Reality jerks Sloane back into the present. Eyes snapping wide open, panic flashes through her like a flood, soaking her bones before she feels her bike whip out from under her, and it all happens in slow motion. A vicious curse tears from her snarling mouth when her front wheel clips on the pothole, and her bike snaps forward with enough torque to throw her like a bucking horse. One moment she's soaring down the hill on both wheels, and the next, she's launched from the seat of her bike and into the air like an acrobat. For an endless minute, she's suspended in midair, fear icing her veins, bracing, bracing, bracing—
Pain explodes in her shoulder. She hits the ground hard enough to rip the skin off her cheek. White spots flicker in and out of her vision and as she lies on the cold cobbled pavement, the feeling slowly seeping back into her body as she lies sprawled on the ground. Blinking in shock, Sloane sucks in a deep inhale, the frigid air slicing into her lungs, ignoring the agony firing up her expanding ribs as her chest heaves.
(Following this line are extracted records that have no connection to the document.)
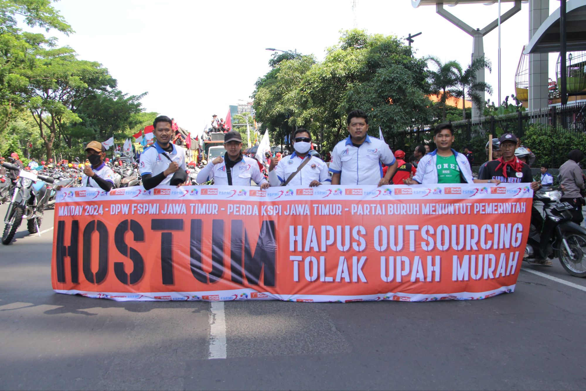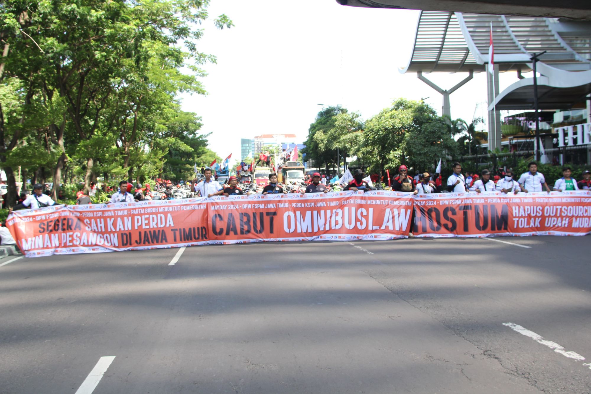 Dibawah pengawalan ketat dari Kepolisian, massa aksi melaju perlahan menuju pusat kota Surabaya. Di tengah kegembiraan merayakan solidaritas pekerja, mereka juga menyerukan sejumlah tuntutan yang dianggap penting:
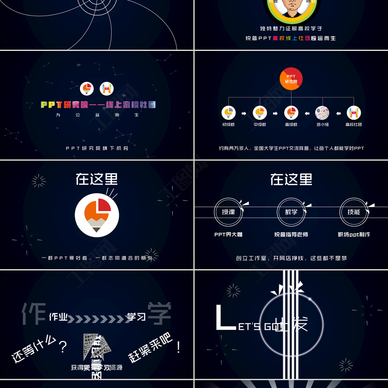 PPT研究院高校線上社團(tuán)介紹ppt動(dòng)感宣傳片 Array
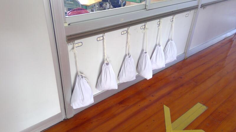 教室横の棚です。ノートを並べたり、給食の配膳台などでも使います。

Above, dawn bruises the sky, saffron-robed and gleaming.
Grinding her teeth, Sloane pulls herself upright. One sweep of her surroundings tells that she's only halfway down the hill, and the street lamps glowing an incandescent orange ignite the mist-damp cobblestone in a muddy glow. A stinging pain lances through her knee, and Sloane glimpses the blood oozing through a scrape the size of her fist through the rip in her black jeans. Staring in detached amusement at the blood glistening in the slow light of dawn and trickling over the side of her leg in dark rivulets, Sloane pinches the wound between her thumb and her forefinger and squeezes until shallow waves of pain began rippling up and down her leg.
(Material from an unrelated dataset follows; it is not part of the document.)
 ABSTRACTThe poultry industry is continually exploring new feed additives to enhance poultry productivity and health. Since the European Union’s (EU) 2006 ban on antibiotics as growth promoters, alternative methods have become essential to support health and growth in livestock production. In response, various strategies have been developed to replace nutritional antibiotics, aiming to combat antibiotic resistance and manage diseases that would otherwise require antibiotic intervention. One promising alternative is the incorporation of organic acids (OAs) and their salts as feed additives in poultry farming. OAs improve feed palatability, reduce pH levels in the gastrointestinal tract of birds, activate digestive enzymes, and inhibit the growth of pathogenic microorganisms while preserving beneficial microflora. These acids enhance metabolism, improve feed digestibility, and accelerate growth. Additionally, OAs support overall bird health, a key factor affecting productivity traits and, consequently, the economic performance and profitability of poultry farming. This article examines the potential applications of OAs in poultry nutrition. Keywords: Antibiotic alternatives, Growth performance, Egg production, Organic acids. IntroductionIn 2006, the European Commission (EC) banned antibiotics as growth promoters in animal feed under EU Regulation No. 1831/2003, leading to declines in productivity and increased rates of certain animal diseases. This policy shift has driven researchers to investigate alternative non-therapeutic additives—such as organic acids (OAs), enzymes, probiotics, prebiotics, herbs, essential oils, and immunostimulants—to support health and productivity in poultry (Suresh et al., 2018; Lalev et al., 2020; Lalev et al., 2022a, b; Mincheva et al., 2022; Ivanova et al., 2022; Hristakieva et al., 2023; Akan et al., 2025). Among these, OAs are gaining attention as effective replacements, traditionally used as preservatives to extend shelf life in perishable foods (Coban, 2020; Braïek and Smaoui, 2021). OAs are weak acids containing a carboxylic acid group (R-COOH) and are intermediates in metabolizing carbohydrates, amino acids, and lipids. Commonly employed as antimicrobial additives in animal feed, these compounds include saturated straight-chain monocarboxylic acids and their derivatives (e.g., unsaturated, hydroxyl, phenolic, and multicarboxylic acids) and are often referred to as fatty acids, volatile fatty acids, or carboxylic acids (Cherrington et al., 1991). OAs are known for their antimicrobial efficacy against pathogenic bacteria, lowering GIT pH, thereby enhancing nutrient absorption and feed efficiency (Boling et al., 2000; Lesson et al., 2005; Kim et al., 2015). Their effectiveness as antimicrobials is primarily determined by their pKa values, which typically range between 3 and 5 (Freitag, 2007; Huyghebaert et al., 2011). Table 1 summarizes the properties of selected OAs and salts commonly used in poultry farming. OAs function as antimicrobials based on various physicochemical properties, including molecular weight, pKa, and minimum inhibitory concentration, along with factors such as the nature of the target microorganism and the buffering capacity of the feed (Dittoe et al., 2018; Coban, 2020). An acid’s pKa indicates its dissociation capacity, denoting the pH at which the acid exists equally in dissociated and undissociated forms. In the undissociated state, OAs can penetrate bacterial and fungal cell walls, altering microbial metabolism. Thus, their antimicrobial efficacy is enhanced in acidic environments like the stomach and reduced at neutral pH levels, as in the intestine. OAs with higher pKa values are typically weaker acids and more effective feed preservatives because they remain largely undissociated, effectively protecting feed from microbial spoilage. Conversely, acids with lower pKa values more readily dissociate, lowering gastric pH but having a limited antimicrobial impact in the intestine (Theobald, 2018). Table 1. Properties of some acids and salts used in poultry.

Sometimes she does that—picks at old scabs, rips them clean off her skin just to see the blood. Maybe she wanted to savour the sting, the warm trickle of blood, the only thing tethering her to reality, because to feel is to be alive, and what else is there besides the granulating guilt but pain? Proof that she bleeds, proof that she is real, when there are days that she feels like a voyeur of her own life, floating inches above her body, watching life pass her by through a smokescreen, constantly screaming that even though her hands were hers, they never did what she wanted them to, but nobody could hear.
Glossing a dirt-speckled, paint-stained finger over the wound, Sloane clamps her teeth down on the inside of her cheek as the pain reverberates down from her knee to her shins.
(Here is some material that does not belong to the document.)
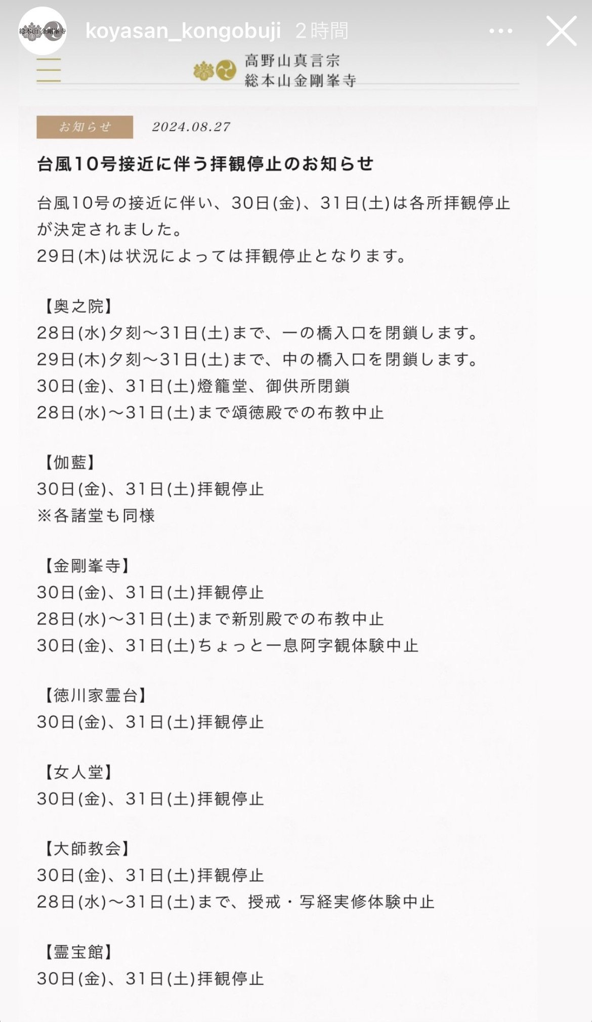 30日31日は、拝観停止が決定されています。

When it clotted, she'd pick at the scab. Like a child's scrawl piece, Sloane's skin screams. Scar tissue stretches over her body, a graveyard of existence, the darkest acts made light. Sometimes she sliced up her own skin in lines and concentric circles, hoping the razor might dig a little too deep, go a little too far, nick an artery and end it there and then in the bathroom, until she was drained of the colour she splashed across walls at midnight, blood smattering the bathroom tiles. When they healed over into pink pillowy tissue, she opened them again. Sometimes she peeled off the scabs that grew, as though by inhibiting the healing process, she was punishing herself. It never felt like punishment, in the moment. Just right. Each time she ripped the dried skin off to let the new blood spring to the surface, a fire tearing up through her knee that wasn't born from anger, Silene would start fussing, nagging at her to let it heal, to take care of her own body by dressing the wound, to let the wound purge itself, so it would stop scarring over.
But Silene—perfect and innocent and pearl-smooth Silene, whose person festered in auras and perfumed the room in a pleasant glow, a sharp contrast to Sloane's whose essence waged a war within her mutilated skin and exploded outward, seeking nothing but obliteration—wouldn't understand. Silene's hands weren't stained with sins and blood and the aftermath.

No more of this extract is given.